● Try it:
Copy the opening lines of the listing exactly, through and including the line with "DataSource dataSource) throws"; do not copy any pictures.

● Available data:
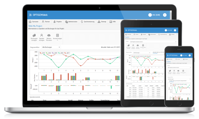 Das Projektmodul in OPTIGEM WEB gibt Verantwortlichen und anderen Mitarbeitenden Einblick in den Finanzstatus eines oder mehrerer Projekte. Spendeneingänge, bereits getätigte Ausgaben, Budgets und weitere Buchungen lassen sich mit dem Zusatzmodul übersichtlich verfolgen. Der direkte Dank für eingegangene Spenden oder die Information per E-Mail über aktuelle Ereignisse wird so wesentlich erleichtert. Ein umfangreicher Datenaustausch zwischen der Zentrale und den Projektmitarbeitenden ist dann nicht erforderlich. Wer auf Informationen zu eigenen Projekten zugreifen und sie bearbeiten darf, kann über die Zugriffsverwaltung bestimmt werden. Und das, ob Ihre Mitarbeitenden in der Zentrale, zu Hause oder im Ausland tätig sind.
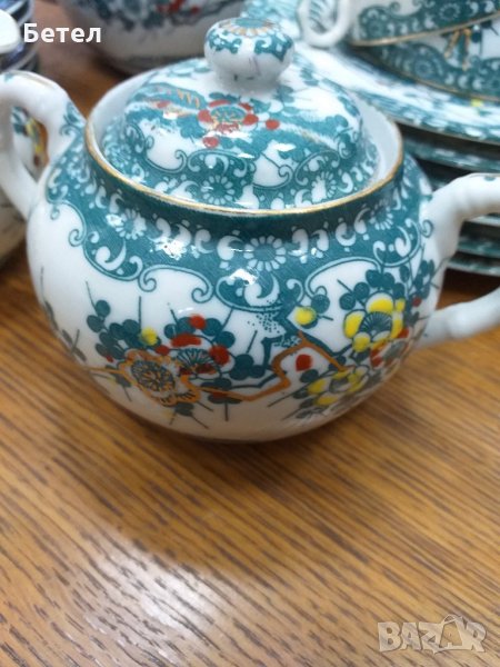 Уникален сервиз от японски костен порцелан "яйчена черупка" с прозираща на дъното глава на гейша. Състои се 20 ръчно рисувани части:Чайник с бамбукова плетена дръжка и вградена порцеланова цедка ;каничка за мляко,захарница,6 десертни и 6 малки чинии, 5 чаши. Декор в зелено и злато 24 к.На светлината прозира глава на гейша на дъното на чашката.
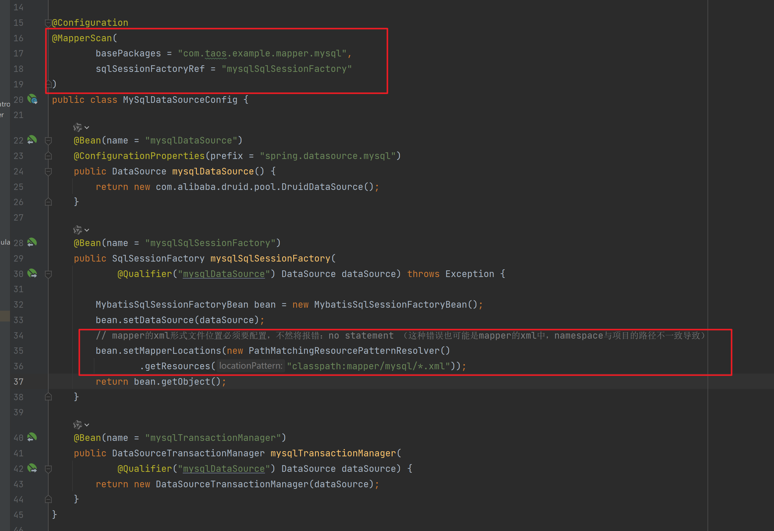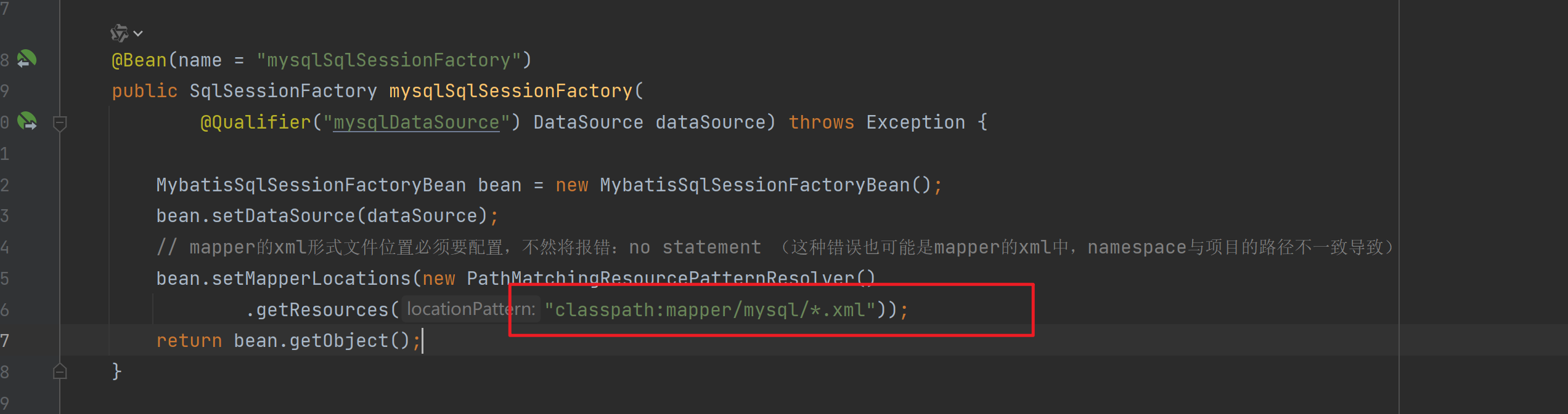 public SqlSessionFactory mysqlSqlSessionFactory(@Qualifier("mysqlDataSource") DataSource dataSource) throws Exception {
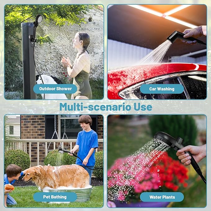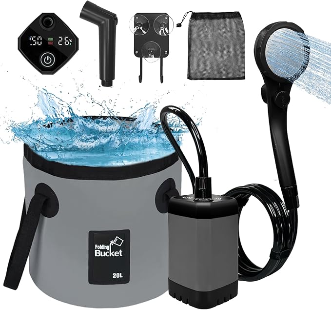 - 【Lightweight & Easy to Carry】 The camping shower kit includes 1* Multi modes shower head, 1* Spray gun head,1* Power water pump, 1* 6.7ft Water pipe, 1* 5 gal Foldable bucket, 1* Multi-use hook, 1* Type-C charging cable, and a Mesh organizer bag for convenient carrying and storage. Ideal for indoor/outdoor showers, camping, BBQ, hiking, beach, trips, bathing, pet bath, car washing, plant watering and more indoor outdoor use.
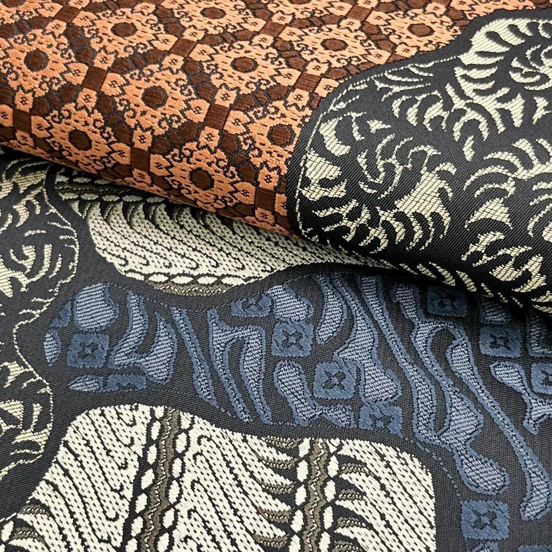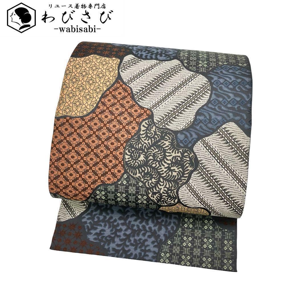 燻銀色ベースの多様な柄裄、色彩の織模様がデザインされた素敵な柄裄のお品でございます。
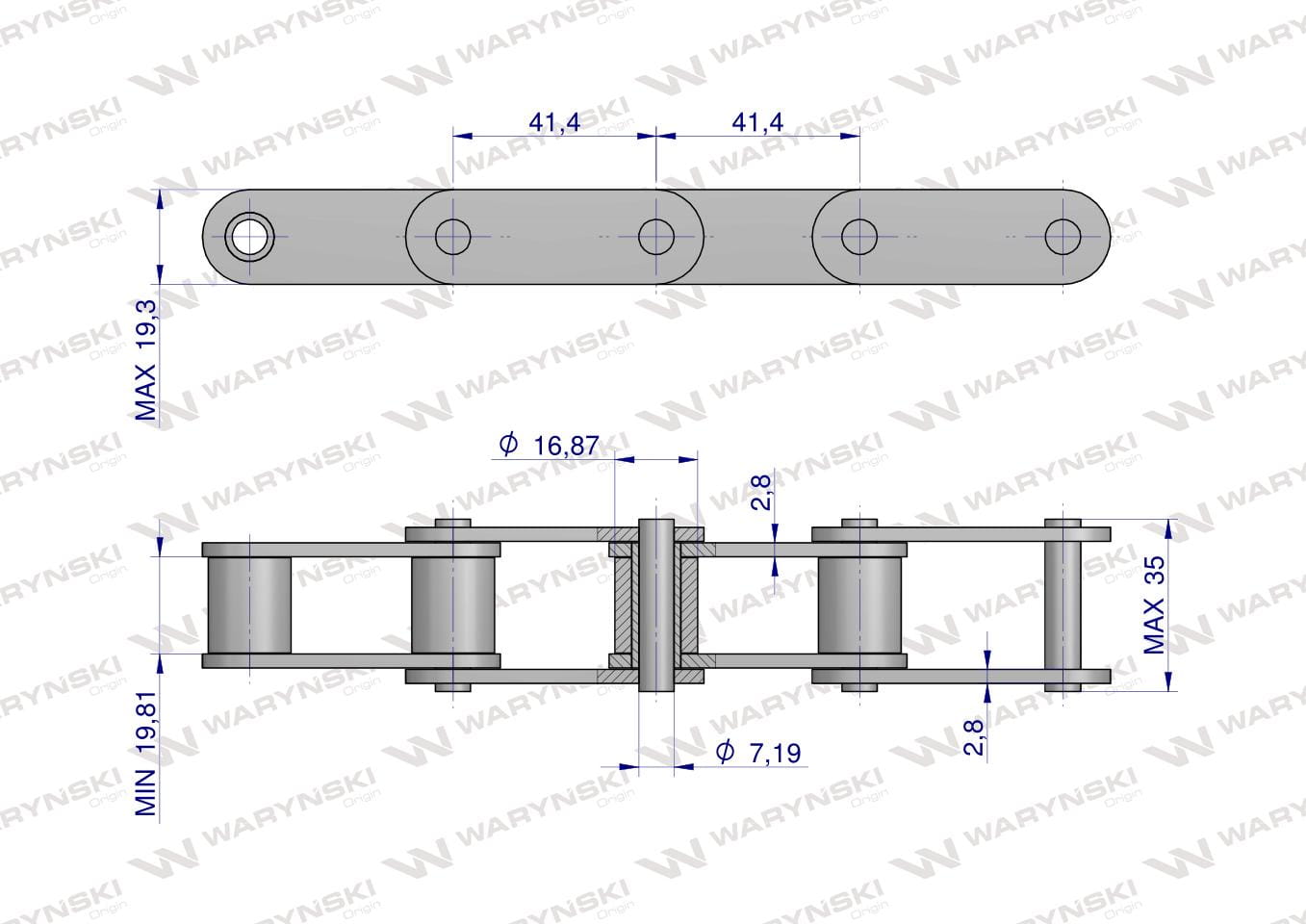 Maks. szerokość ogniwo łączące: 38,0 mm

● Finished exercise:
 Das Projektmodul in OPTIGEM WEB gibt Verantwortlichen und anderen Mitarbeitenden Einblick in den Finanzstatus eines oder mehrerer Projekte. Spendeneingänge, bereits getätigte Ausgaben, Budgets und weitere Buchungen lassen sich mit dem Zusatzmodul übersichtlich verfolgen. Der direkte Dank für eingegangene Spenden oder die Information per E-Mail über aktuelle Ereignisse wird so wesentlich erleichtert. Ein umfangreicher Datenaustausch zwischen der Zentrale und den Projektmitarbeitenden ist dann nicht erforderlich. Wer auf Informationen zu eigenen Projekten zugreifen und sie bearbeiten darf, kann über die Zugriffsverwaltung bestimmt werden. Und das, ob Ihre Mitarbeitenden in der Zentrale, zu Hause oder im Ausland tätig sind.
 Уникален сервиз от японски костен порцелан "яйчена черупка" с прозираща на дъното глава на гейша. Състои се 20 ръчно рисувани части:Чайник с бамбукова плетена дръжка и вградена порцеланова цедка ;каничка за мляко,захарница,6 десертни и 6 малки чинии, 5 чаши. Декор в зелено и злато 24 к.На светлината прозира глава на гейша на дъното на чашката.
 public SqlSessionFactory mysqlSqlSessionFactory(@Qualifier("mysqlDataSource") DataSource dataSource) throws Exception {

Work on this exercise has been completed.